ESSENTIAL DUTIES AND RESPONSIBILITIES include the following. Other duties may be assigned.

• Change Administration – Screens Change Orders (COs) for completeness and accuracy.  Prepares CO packets for review, tracks COs through the review and approval process and coordinates incorporation of approved changes.  Incorporates approved changes / “redlines” to documentation.  Supports Change Control System metrics to allow for monitoring of trends, etc.


• Administration and Maintenance of the Quality System documents – Ensures authorizations are maintained for Change Control Board (CCB).  Maintains change/revision history, Device History and Device Master Records, Area Reference copies, Oversees Periodic Review documentation, filing and archiving activities.  Manages Off-Site Storage Program.


• Master Filing – Produces “original” documentation, verifies the correct incorporation of changes, updates Device Master Record as applicable and verifies master filing activities.  Maintains Hardcopy Master Files up to date.  Distributes new documentation and retrieval of outdated reference copies, and files the “original” documentation.


• Customer Service Activities – Interdepartmental copy requests, internal customer inquiries, expedition of interdepartmental copy requests, support interdepartmental research / investigation activities.


• Additional assignments as directed by Supervisor.


• Collaborate with different members of the QA department working in special projects.


• Issuance of lot numbered documents and forms for manufacturing, quality control and other departments on a weekly basis.


• Performs archiving and Device History Record filing, Off-Site storage program.


• Schedules periodic review and coordinates with the different responsible departments to ensure compliance.


• Maintains the training system.  Enter training records, update training matrices and create new files for new employees in the database.

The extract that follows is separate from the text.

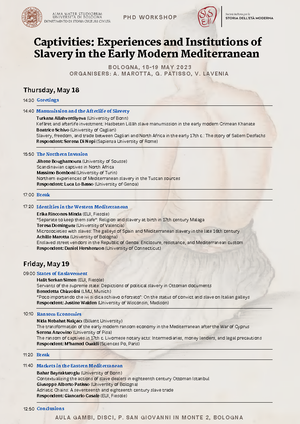 Workshop "Captivities. Experiences and Institutions of Slavery in the Early Modern Mediterranean" (Bologna, 18 - 19 maggio 2023)

• Additional assignments as directed by Supervisor.

SUPERVISORY RESPONSIBILITIES

Position has no supervisory responsibilities.

QUALIFICATIONS

To perform this job successfully, an individual must be able to perform each essential duty satisfactorily. The requirements listed below are representative of the knowledge, skill, and/or ability required. Reasonable accommodations may be made to enable individuals with disabilities to perform the essential functions.

EDUCATION and/or EXPERIENCE

Bachelor's degree from a four-year College and 1 years of experience in a Document Control GMP work environment; or four to two years related experience and/or training; or equivalent combination of education and experience.  Bachelor’s Degree in a scientific discipline preferred.

KNOWLEDGE AND SKILLS / ABILITIES

• Requires strong computer skills, Microsoft Office Applications (Access, Excell and Word).


• Must be detailed oriented, be able to follow detailed instructions, possess excellent time management skills, be well organized, a self starter and display a professional demeanor wit a high focus on quality, compliance, and responsibilities.


• Ability to follow through and consistently demonstrate that all primary job duties and responsibilities are current and up to date; ability to closely monitor and communicate progress on daily tasks and responsibilities to Management.


• Must be able to work as a team member, maintaining day to day activities while being responsive to changing priorities.


• Verbal communication skills (English)


• Knowledge of Good Manufacturing Practices / Quality System Regulations and ISO Standards required.


• Must be able to work a consistent schedule to satisfy the responsibilities of the job.


• Knowledge of electronic document systems.

LANGUAGE SKILLS

Ability to read, analyze, and interpret general business procedures, technical procedures, or governmental regulations.  Ability to write reports and procedures.  Ability to effectively present information and respond to questions from groups of managers, and employees of the organization.

MATHEMATICAL SKILLS

Ability to apply concepts such as fractions, percentages, ratios, and proportions to practical situations.  Ability to compute rate, ratio, and percent and to draw and interpret bar graphs.

REASONING ABILITY

Ability to apply common sense understanding to carry out instructions furnished in written, oral, or diagram form.  Ability to deal with problems involving several concrete variables in standardized situations.

PHYSICAL DEMANDS 

Position requires incumbent to work with personal computers performing keyboarding / typing and data entry.  Extensive filing required.  Some lifting of boxes may be necessary.